REQUIRED ACTION:
Since the pictures are not wanted, retype the listing below exactly and without them.
Top of SUPPLIED DATA
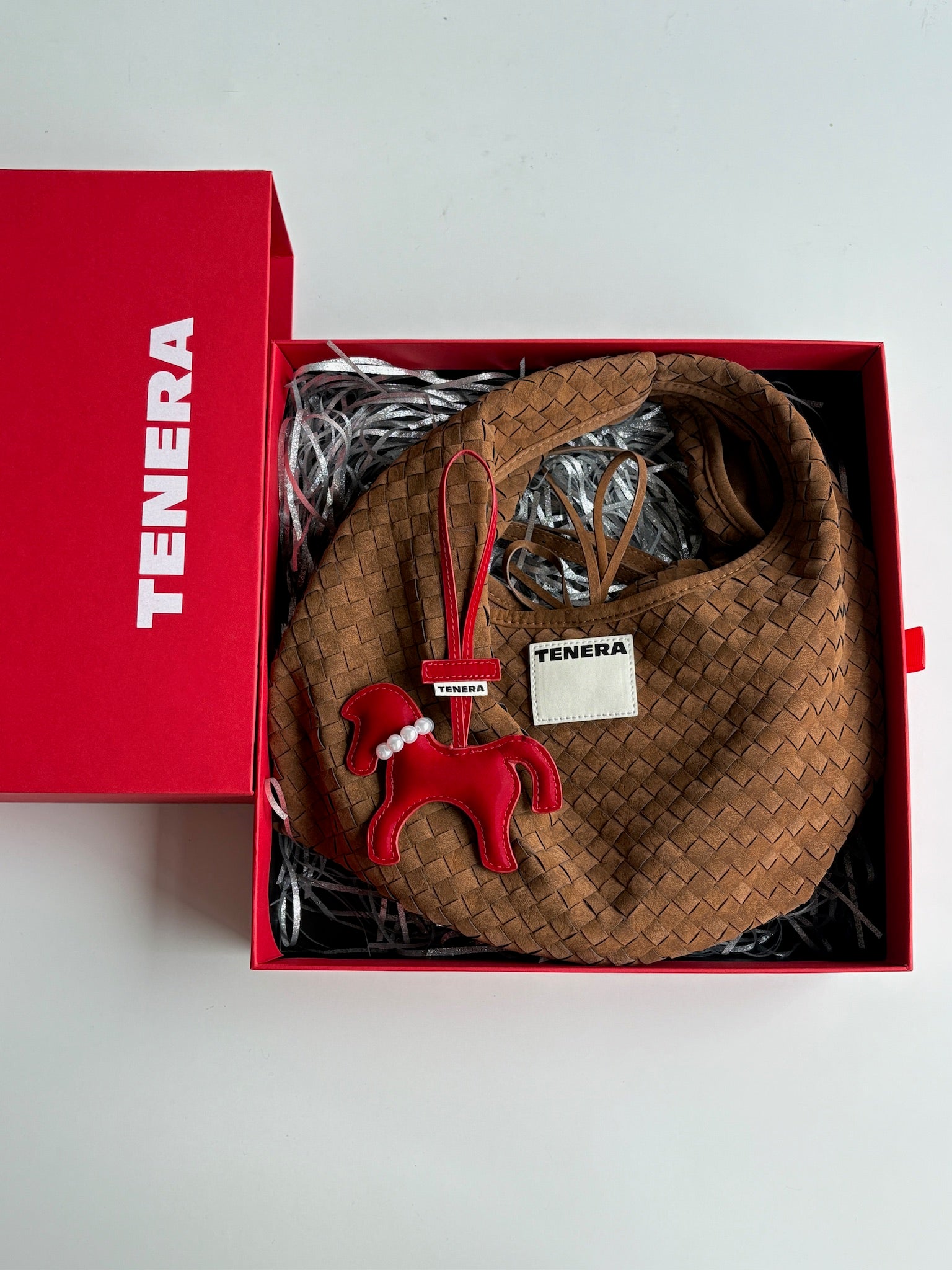This limited edition gift set features a stylish mini suede woven bag paired with a charming pony charm. Customers can choose from the following color options:
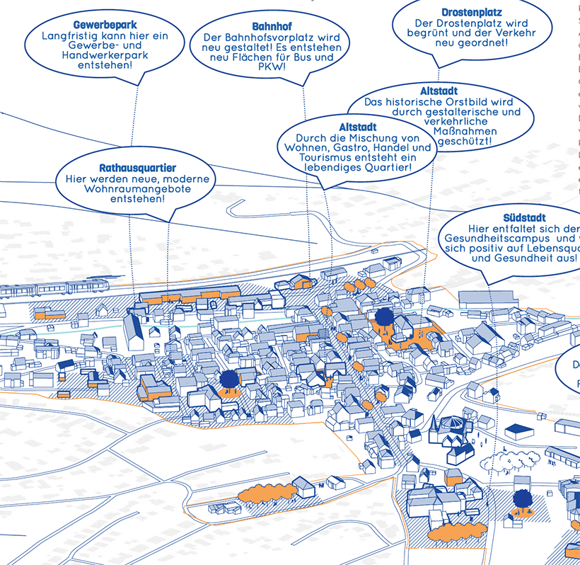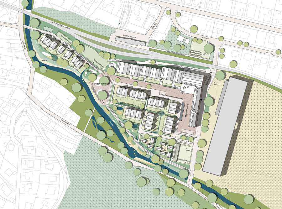 Das Projekt wurde im Mai 2024 vom Stadtrat beschlossen und erhielt im Januar 2025 den dritten Stern der REGIONALE 2025, was seine Umsetzungsreife bestätigt. Die Umsetzung der Maßnahmen ist ab 2027 geplant. Wir haben die Planung, das Fördermanagement, die Bürgerbeteiligung übernommen und begleiten die Umsetzung des Projekts weiterhin.
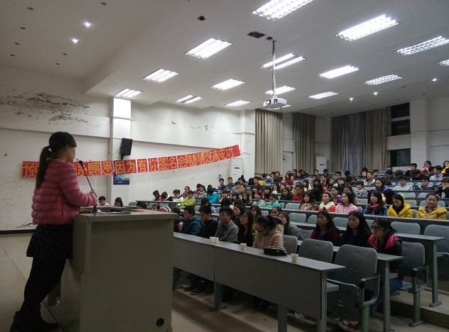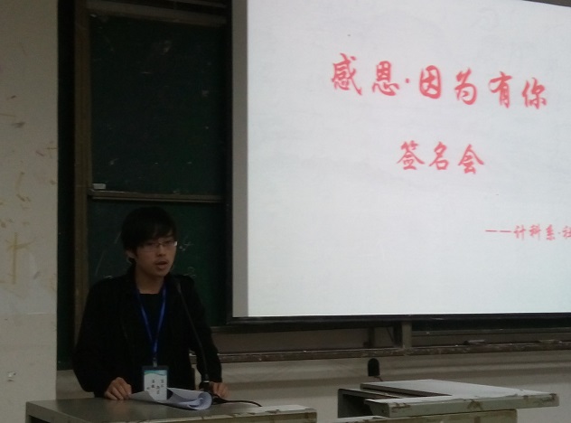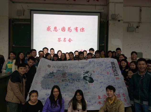 “感恩的心,感谢有你”,在这名为“感恩节”的一天,计科系在B区109教室举办了“感恩·因为有你”的签名会。会上,许媛老师、学生会主席黄志扬以及学生代表相继上台发言,述说了自己对感恩的理解,讲述了一个个关于感恩的故事,或关于他们自己,或他们身边的朋友,那一句句发自肺腑之言,传达着一颗颗炽热的感恩之心,让同学们对感恩有了新的认识。会议为同学们播放了视频“爱的奉献”,那一幕幕呈现在荧屏上的画面让人潸然泪下,随后吴瑕老师上台对同学们提出了寄望,希望同学们能怀揣着一颗感恩的心,做一个感恩的人.....时间如白驹过隙,在同学们的签名留影中“感恩·因为有你”活动画上了圆满句号。
Bottom of SUPPLIED DATA
WRITTEN REPLY:
This limited edition gift set features a stylish mini suede woven bag paired with a charming pony charm. Customers can choose from the following color options:
 Das Projekt wurde im Mai 2024 vom Stadtrat beschlossen und erhielt im Januar 2025 den dritten Stern der REGIONALE 2025, was seine Umsetzungsreife bestätigt. Die Umsetzung der Maßnahmen ist ab 2027 geplant. Wir haben die Planung, das Fördermanagement, die Bürgerbeteiligung übernommen und begleiten die Umsetzung des Projekts weiterhin.
 “感恩的心,感谢有你”,在这名为“感恩节”的一天,计科系在B区109教室举办了“感恩·因为有你”的签名会。会上,许媛老师、学生会主席黄志扬以及学生代表相继上台发言,述说了自己对感恩的理解,讲述了一个个关于感恩的故事,或关于他们自己,或他们身边的朋友,那一句句发自肺腑之言,传达着一颗颗炽热的感恩之心,让同学们对感恩有了新的认识。会议为同学们播放了视频“爱的奉献”,那一幕幕呈现在荧屏上的画面让人潸然泪下,随后吴瑕老师上台对同学们提出了寄望,希望同学们能怀揣着一颗感恩的心,做一个感恩的人.....时间如白驹过隙,在同学们的签名留影中“感恩·因为有你”活动画上了圆满句号。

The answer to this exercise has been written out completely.